Extracted records:
%%

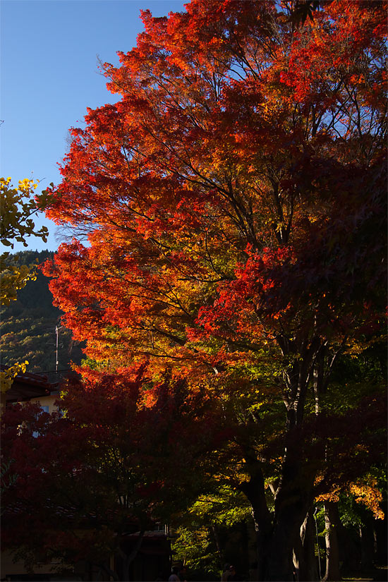 太陽はすっかり傾き、紅葉が更にオレンジ色に染まる様子はなかなか。
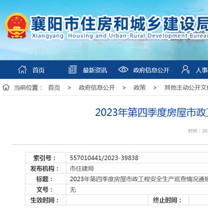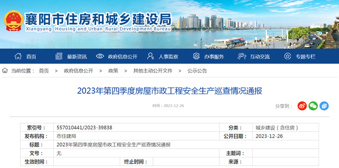 湖北省襄阳市2023年第四季度房屋市政工程安全生产巡查情况通报
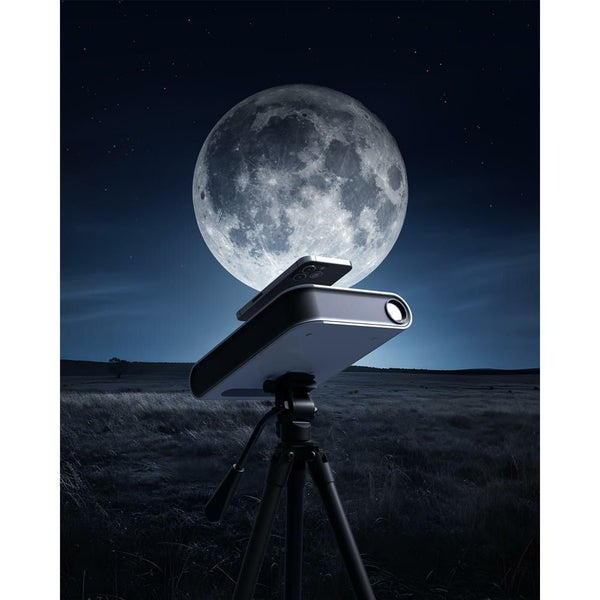 Hestiaは、スマートフォンで太陽や月などの天体を観測・撮影するための革新的な光学システムです。スマートフォンを装着すると、内蔵された光学系により像を25倍に拡大。月や太陽など、天体のディテールまで鮮明にとらえて写すことができます。
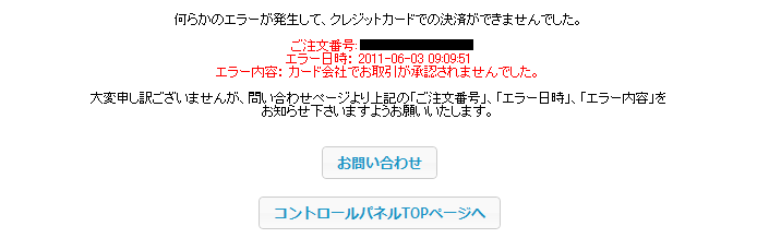 何らかの原因でクレジットカード会社からの承認が降りなかった場合、以下の画像のようにエラー内容が表示されます。
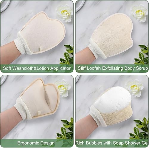 Loofah Exfoliating Body Scrubber: Maximize the effectiveness of your body scrub with the newly designed loofah body brush. The Loofa mitten pad keeps the bath loofah firmly in place on your hand. Its unique ergonomic design allows you to get the perfect scrubbing result every time.
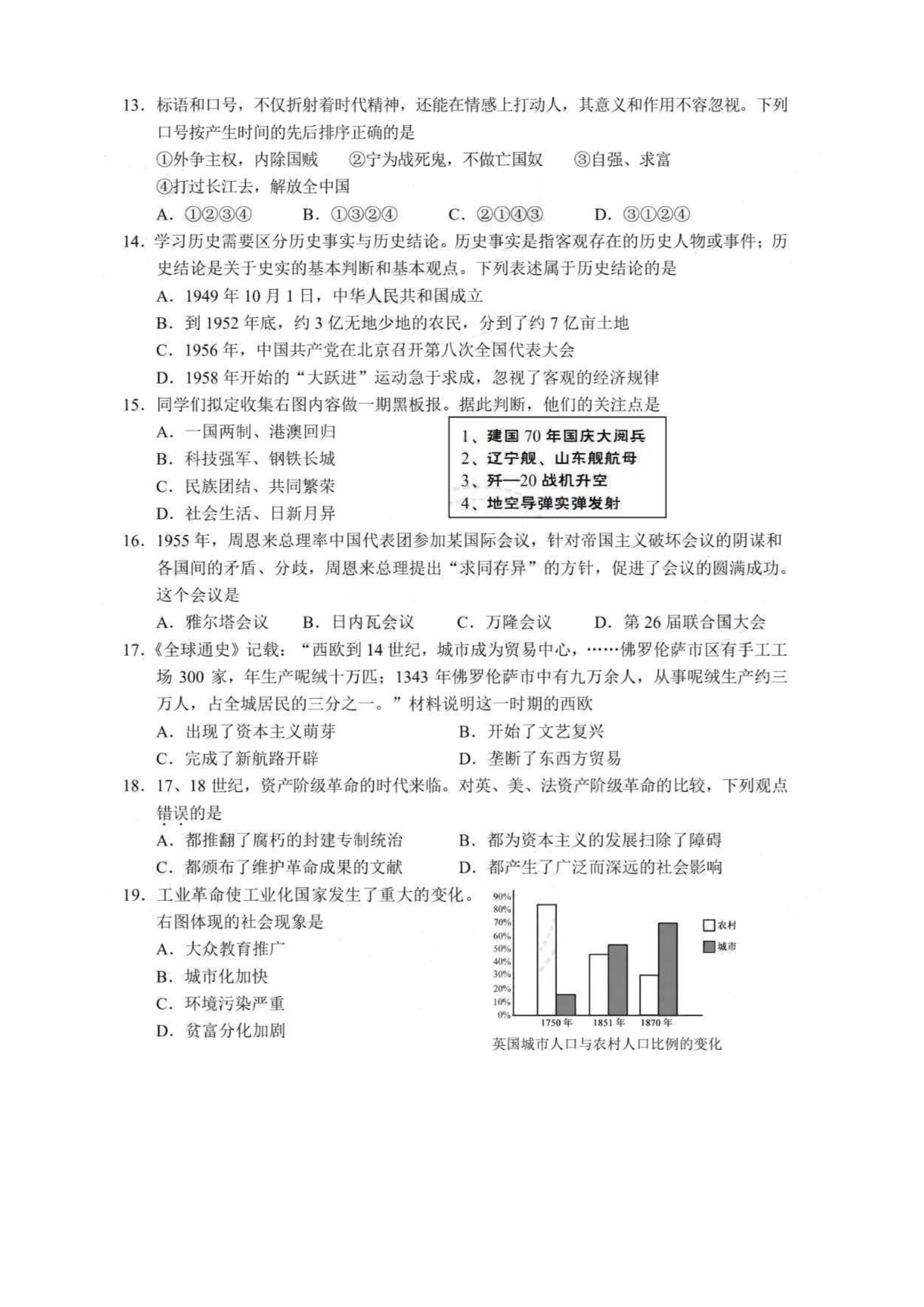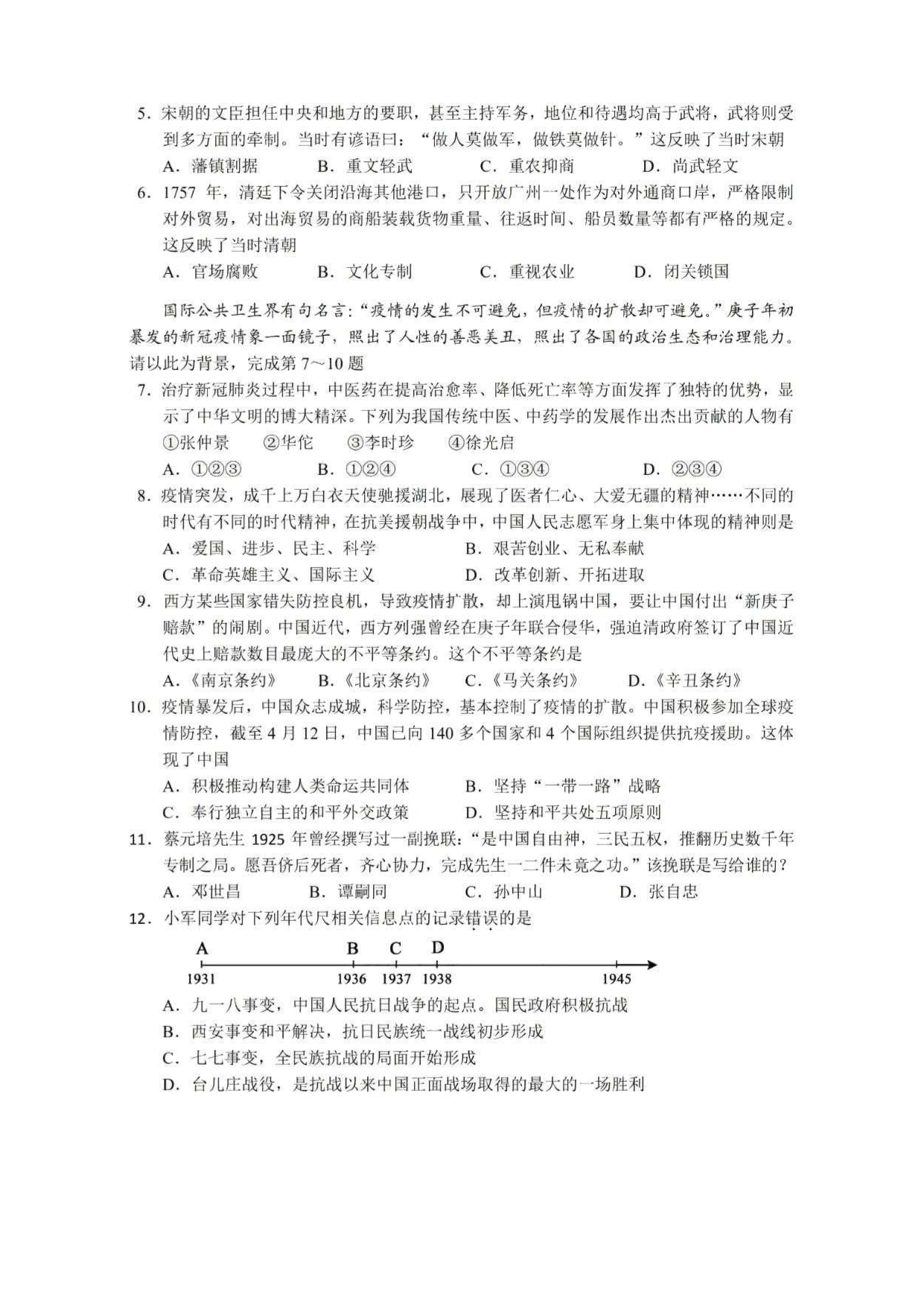 【文档名称】 2020年湖北孝感市中考历史试卷及答案(图片版).doc
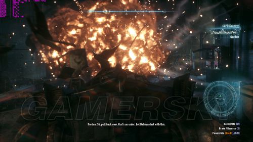 游戏采用的是虚幻3改良版引擎打造,在暴风雨中可以说是非常的拟真,光影表现上更是比强作漂亮不少,而最吃硬件的NVIDIA GameWorks效果,如果你可以开启的话,你会发现蝙蝠侠的披风会随风飘逸,各种环境的爆炸、粒子、烟尘效果,可是目前大作中的佼佼者。
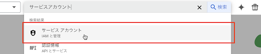 1. GCプロジェクトのヘッダーにある検索欄に「サービスアカウント」と入力し、「サービスアカウント(IAM と 管理)」をクリックしてサービスアカウントページにアクセス
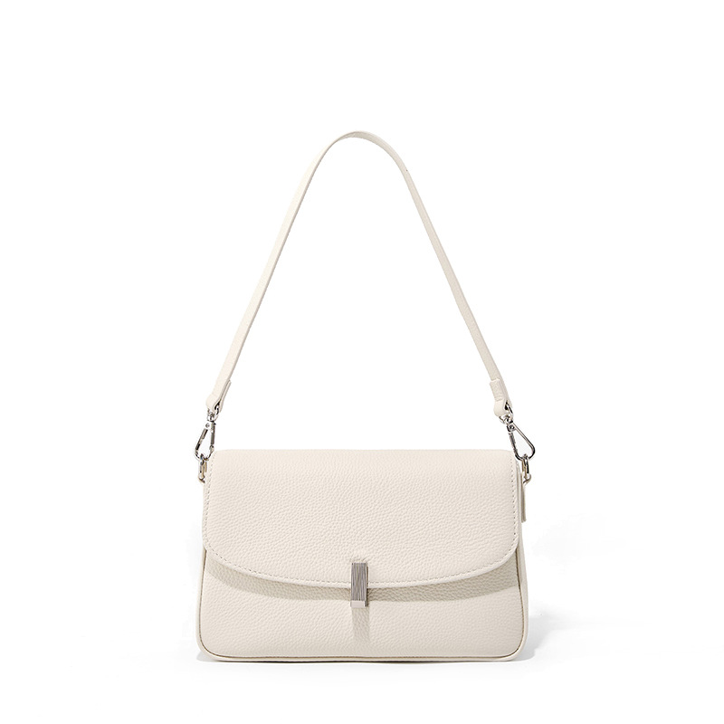Ladies'Cowhide Shoulder Bag Tote Handbag White
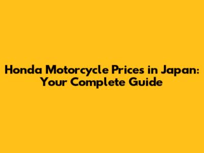 Honda Motorcycle Prices In Japan: Your Complete Guide

%%

Exercise prompt:
Please transcribe, with no additions, the lines starting at the one that contains "湖北省襄阳市2023年第四季度房屋市政工程安全生产巡查情况通报" and running through the last line of the entries, inclusive. Leave the pictures out.

Task output:
 湖北省襄阳市2023年第四季度房屋市政工程安全生产巡查情况通报
 Hestiaは、スマートフォンで太陽や月などの天体を観測・撮影するための革新的な光学システムです。スマートフォンを装着すると、内蔵された光学系により像を25倍に拡大。月や太陽など、天体のディテールまで鮮明にとらえて写すことができます。
 何らかの原因でクレジットカード会社からの承認が降りなかった場合、以下の画像のようにエラー内容が表示されます。
 Loofah Exfoliating Body Scrubber: Maximize the effectiveness of your body scrub with the newly designed loofah body brush. The Loofa mitten pad keeps the bath loofah firmly in place on your hand. Its unique ergonomic design allows you to get the perfect scrubbing result every time.
 【文档名称】 2020年湖北孝感市中考历史试卷及答案(图片版).doc
 游戏采用的是虚幻3改良版引擎打造,在暴风雨中可以说是非常的拟真,光影表现上更是比强作漂亮不少,而最吃硬件的NVIDIA GameWorks效果,如果你可以开启的话,你会发现蝙蝠侠的披风会随风飘逸,各种环境的爆炸、粒子、烟尘效果,可是目前大作中的佼佼者。
 1. GCプロジェクトのヘッダーにある検索欄に「サービスアカウント」と入力し、「サービスアカウント(IAM と 管理)」をクリックしてサービスアカウントページにアクセス
Ladies'Cowhide Shoulder Bag Tote Handbag White
 Honda Motorcycle Prices In Japan: Your Complete Guide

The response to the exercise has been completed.